_INSTRUCTIONS TO FOLLOW_: Leave every image out, and return the rest of the data word for word.

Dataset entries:

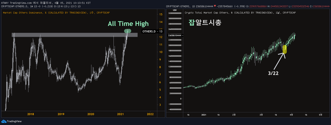 과거 데이터를 참고하였을 때 잡알트 도미넌스의 급격한 증가세는 오히려 위험신호로 받아들여야 합니다.
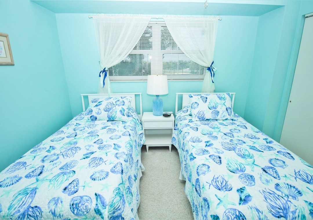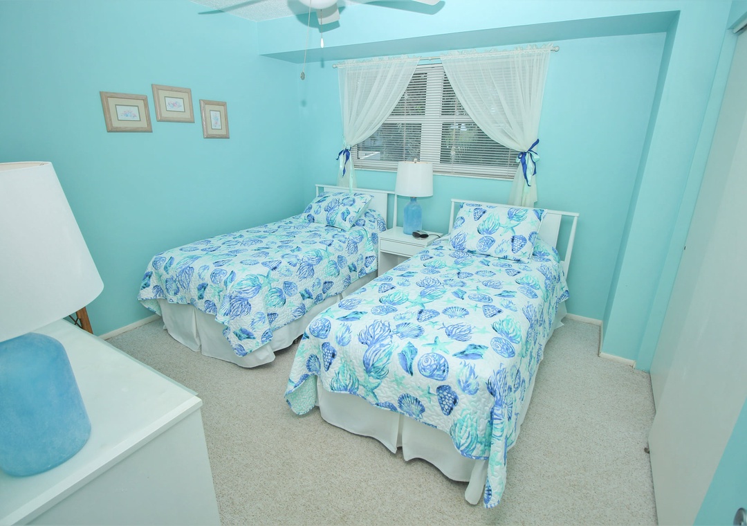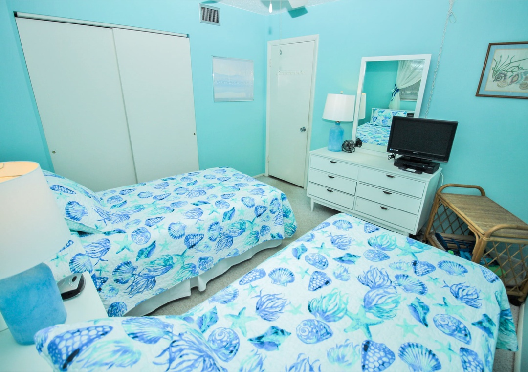 Two others can sleep in the second bedroom which holds two twin beds and a TV. The guest bathroom has a standard bathtub and plenty of bath linens.
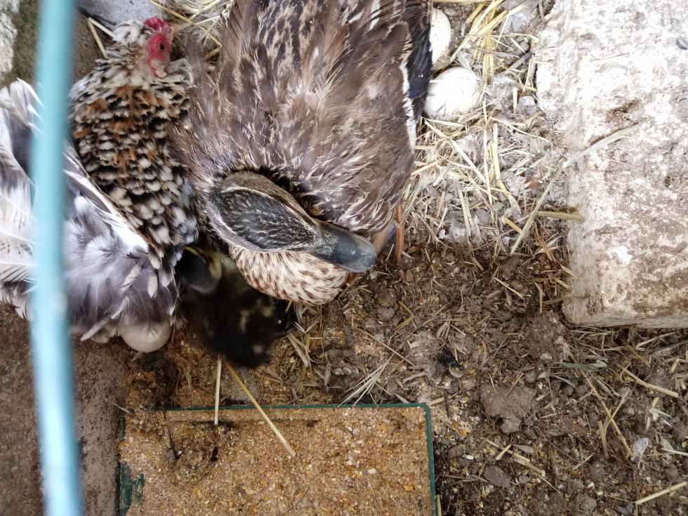 Buonasera ho una cova di anatra in corso e una gallina nana si è messa covare affianco all'anatra ,inevitabilmente hanno mischiato le uova e la gallina ha fatto nascere due anatroccoli che stanno sotto la chioccia .come mi devo comportare? Nasceranno altri anatroccoli e le uova che stanno sotto all'anatra che fine faranno ? Se qualcuno ha avuto esperienze simili mi aiuti non do come comportarmi
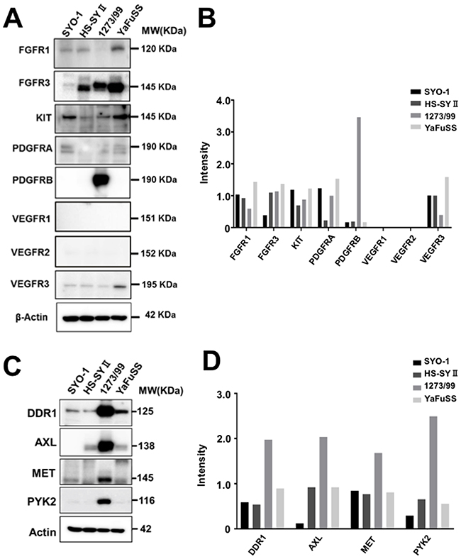 Figure 2: Protein expression levels of targets of pazopanib and other TKs that were differentially expressed in pazopanib-resistant cells. All TK antibodies were used to detect the protein expression levels of 90 TKs in four synovial sarcoma cell lines. The expression levels of targets of pazopanib are shown as (A), and the relative intensity is shown as a bar graph (B). The other TKs that were differentially expressed (fold change > 1.5) in the pazopanib-resistant cells than other cells are shown as (C), and the relative intensity is shown as a bar graph (D).
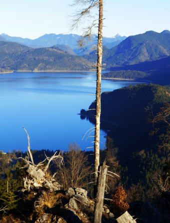 Der Abzweiger mit Schild kommt dann nach 2,75km. Liebe Leute vom Bergverlag Rother: Wenn ihr euch schon die Infos von Dritten holt, dann schreibt doch bitte richtig ab: Hier steht es richtig: Nach ca. 1h auf ca. 1100hm geht ein nicht sehr gut markierter Pfad rechts von der Forststraße ab (beschildert Schild am Baum im (!) Wald). Diesem folgen wir. (Vorsicht: Wenige Minuten davor geht auch ein Weg rechts ab, (ohne Schild, kein Wald) diesen ignorieren). Ziemlich steil führt der wurzelige und mit Felsen durchsetzte Pfad nach oben auf einen Bergrücken. Ich lande auf einem Friedhof der Bäume. Ein Sturm muss hier vor Jahren gewütet haben; ein trauriger Anblick. Da mag auch der feine Ausblick auf den Walchensee nicht richtig Freude machen. Drüben der Jochberg und die Benediktenwand, beide schneefrei. Und immer wieder der Schafreuter mit breiter Brust.
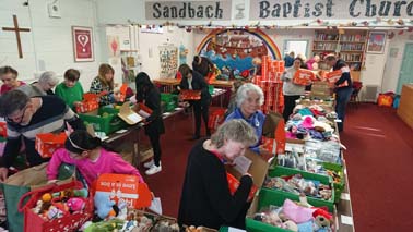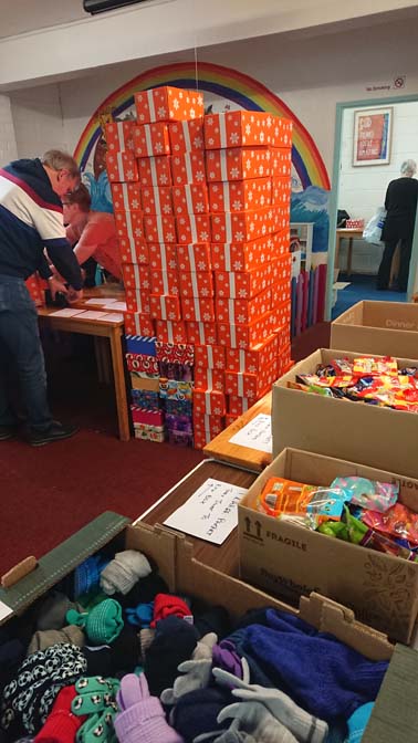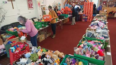 We had a fabulous morning packing the shoeboxes on Saturday 1st November. It was a lovely atmosphere and Oasis had quite a buzz. We had people from our fellowship, relations, friends - and this year folks who hadn't been before. It was a great opportunity for them to see first hand exactly what happens with all the donations - and we all enjoyed a well earned cuppa with cake!
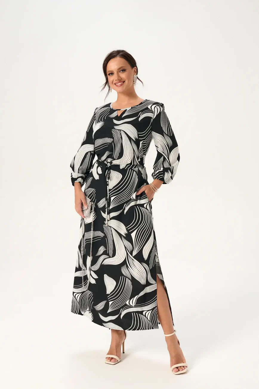 Платье женское модель 141 черно-белое
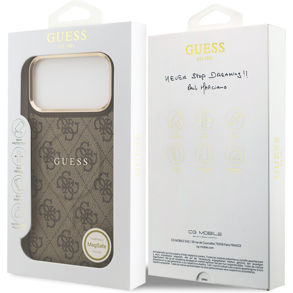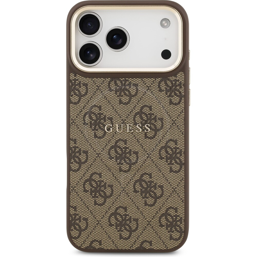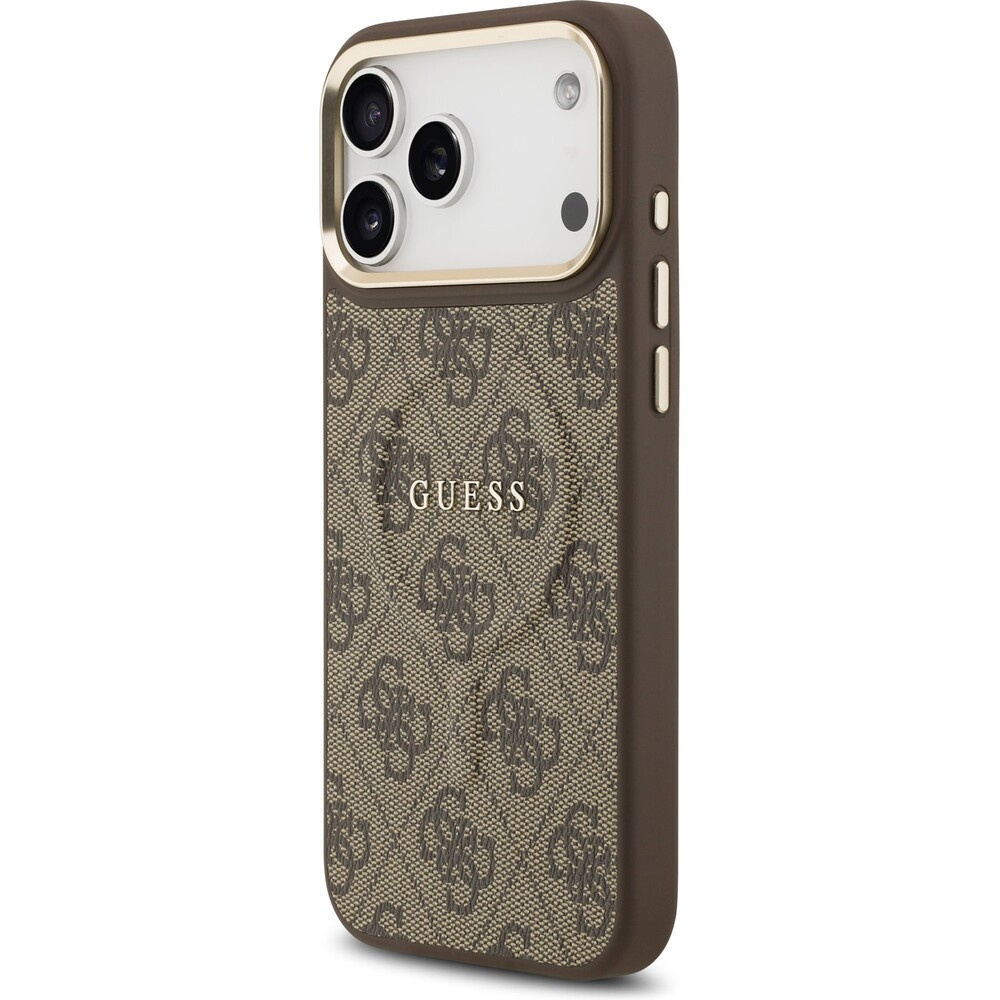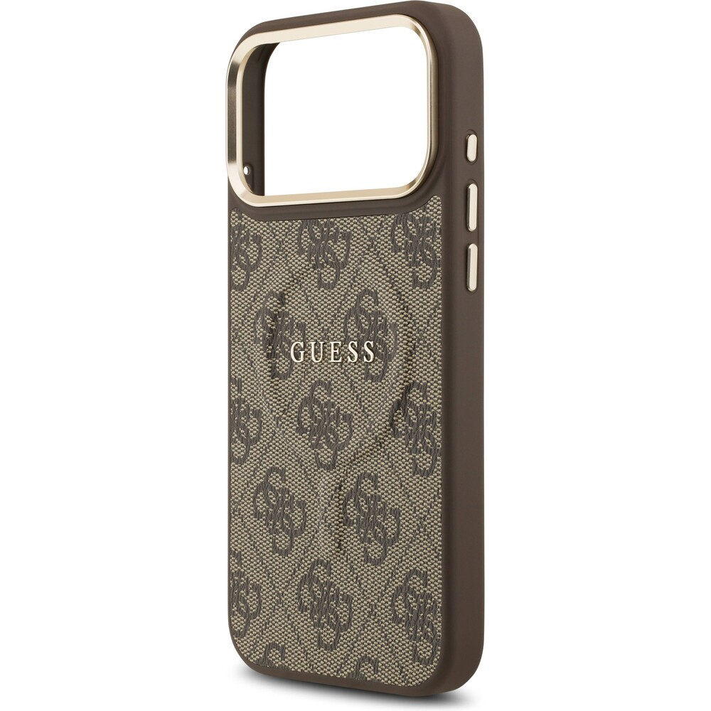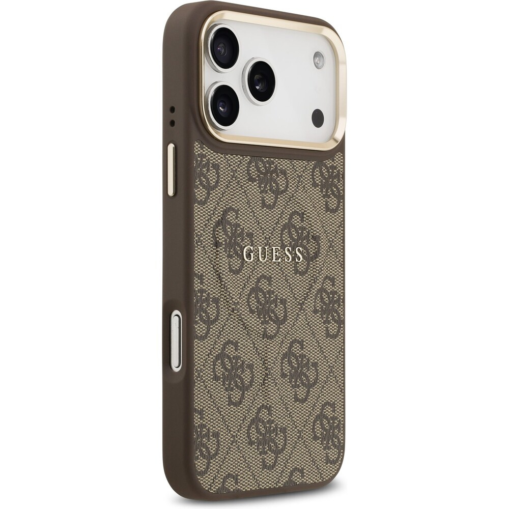 Guess PU Leather 4G Gold Frame MagSafe kryt iPhone 17 Pro Max hnědý

_SOLUTION FOR THIS EXERCISE_:
 과거 데이터를 참고하였을 때 잡알트 도미넌스의 급격한 증가세는 오히려 위험신호로 받아들여야 합니다.
 Two others can sleep in the second bedroom which holds two twin beds and a TV. The guest bathroom has a standard bathtub and plenty of bath linens.
 Buonasera ho una cova di anatra in corso e una gallina nana si è messa covare affianco all'anatra ,inevitabilmente hanno mischiato le uova e la gallina ha fatto nascere due anatroccoli che stanno sotto la chioccia .come mi devo comportare? Nasceranno altri anatroccoli e le uova che stanno sotto all'anatra che fine faranno ? Se qualcuno ha avuto esperienze simili mi aiuti non do come comportarmi
 Figure 2: Protein expression levels of targets of pazopanib and other TKs that were differentially expressed in pazopanib-resistant cells. All TK antibodies were used to detect the protein expression levels of 90 TKs in four synovial sarcoma cell lines. The expression levels of targets of pazopanib are shown as (A), and the relative intensity is shown as a bar graph (B). The other TKs that were differentially expressed (fold change > 1.5) in the pazopanib-resistant cells than other cells are shown as (C), and the relative intensity is shown as a bar graph (D).
 Der Abzweiger mit Schild kommt dann nach 2,75km. Liebe Leute vom Bergverlag Rother: Wenn ihr euch schon die Infos von Dritten holt, dann schreibt doch bitte richtig ab: Hier steht es richtig: Nach ca. 1h auf ca. 1100hm geht ein nicht sehr gut markierter Pfad rechts von der Forststraße ab (beschildert Schild am Baum im (!) Wald). Diesem folgen wir. (Vorsicht: Wenige Minuten davor geht auch ein Weg rechts ab, (ohne Schild, kein Wald) diesen ignorieren). Ziemlich steil führt der wurzelige und mit Felsen durchsetzte Pfad nach oben auf einen Bergrücken. Ich lande auf einem Friedhof der Bäume. Ein Sturm muss hier vor Jahren gewütet haben; ein trauriger Anblick. Da mag auch der feine Ausblick auf den Walchensee nicht richtig Freude machen. Drüben der Jochberg und die Benediktenwand, beide schneefrei. Und immer wieder der Schafreuter mit breiter Brust.
 We had a fabulous morning packing the shoeboxes on Saturday 1st November. It was a lovely atmosphere and Oasis had quite a buzz. We had people from our fellowship, relations, friends - and this year folks who hadn't been before. It was a great opportunity for them to see first hand exactly what happens with all the donations - and we all enjoyed a well earned cuppa with cake!
 Платье женское модель 141 черно-белое
 Guess PU Leather 4G Gold Frame MagSafe kryt iPhone 17 Pro Max hnědý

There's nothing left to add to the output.